I just recently purchased the Canon Pro 1000...awesome printer...and I do use the Canon Accounting Manager. I'm using OSX El Capitan and connecting to the printer via USB, not sure if that makes a difference. Here is a link to the Online Manual, Accounting Manager Guide that I found useful.

http://ugp01.c-ij.com/ij/webmanual/AccountingManager/M/1.0/EN/ACM/Top.html

Hope this helps

Sue


----------



## Kit Lens Jockey (Mar 10, 2017)

Well, I tried connecting the printer through USB. It seems like the Accounting manager now works... As long as the printer is connected through USB. :

The problem is, even if you initially register the printer in the accounting program through USB, as far as that program is concerned, the printer is connected through USB, so the program will not work if you then start using the printer through WiFi. As far as the accounting program is concerned, it is a totally different printer when you're connecting to it through a different connection method.

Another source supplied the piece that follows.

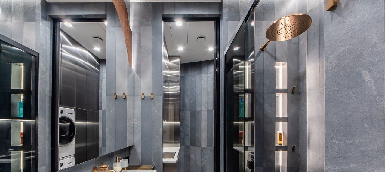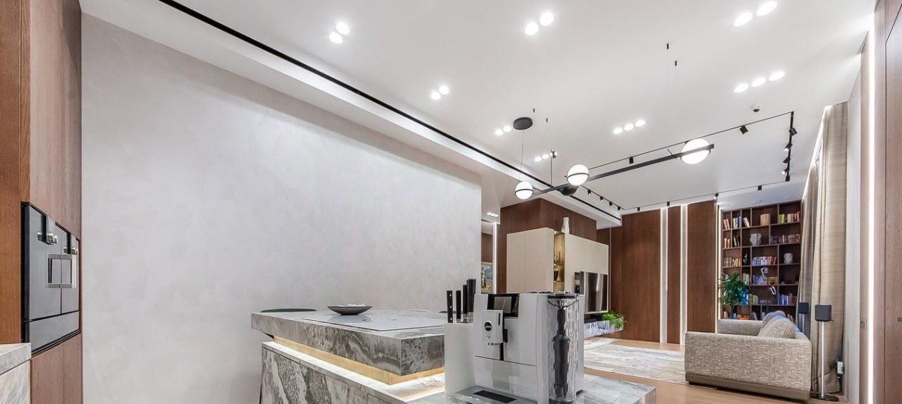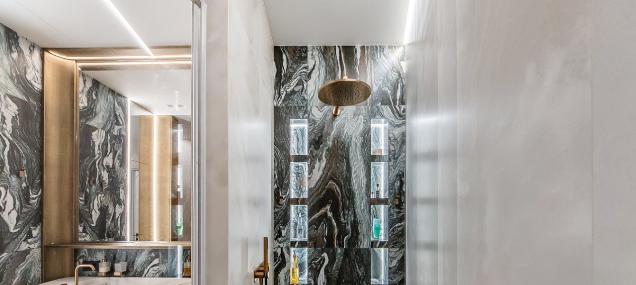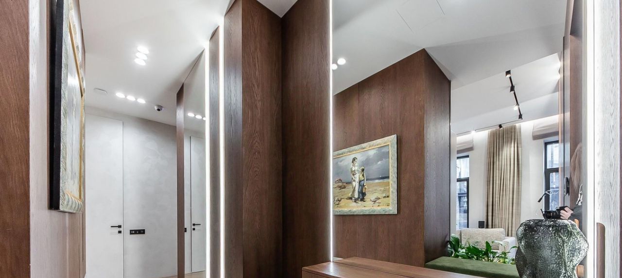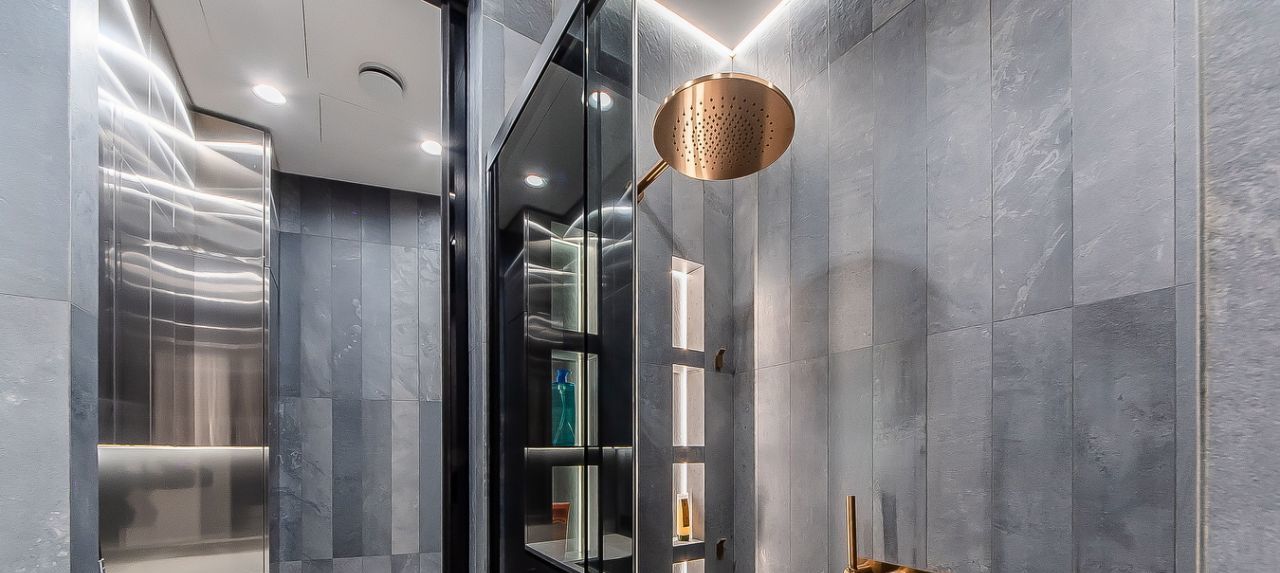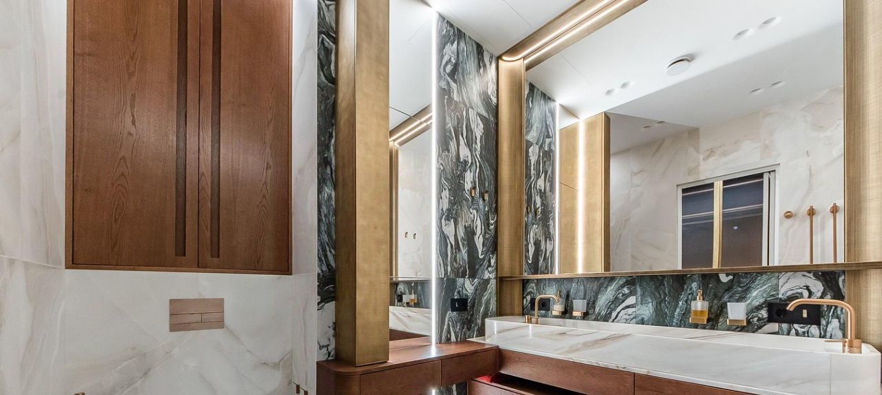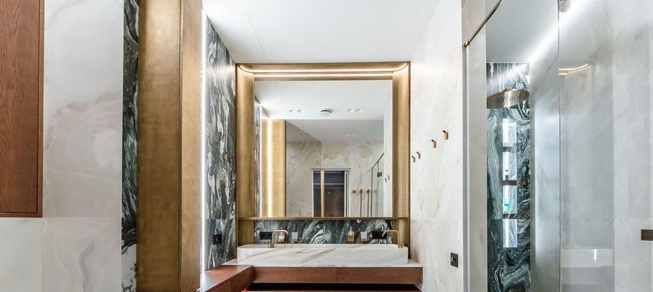Материалы: полы инженерная доска FINEX, керамогранит Refin; освещение Flos. Zenith; смесители Gessi; розетки и выключатели Fontini; корпусная мебель индивидуального пр-ва.

Sigh, Canon, you _almost_ made a printer that works perfectly... Almost! :-\

Still love the printer, but I guess that they had to sacrifice something to the printer gods, because clearly it's a physical impossibility to make a printer that works flawlessly.


----------



## LDS (Mar 10, 2017)

Just to be sure - are you running the latest firmware?


----------



## Kit Lens Jockey (Mar 10, 2017)

Yep, the printer updated itself as soon as I turned it on for the first time a few weeks ago.


----------



## privatebydesign (Mar 10, 2017)

I use the Accounting Manager on a network attached Pro-2000. It is very sensitive to 'new' addresses when it is switched off and subsequently restarted, I forget what I did to get it dialed in and am away for r the ne t ten days. 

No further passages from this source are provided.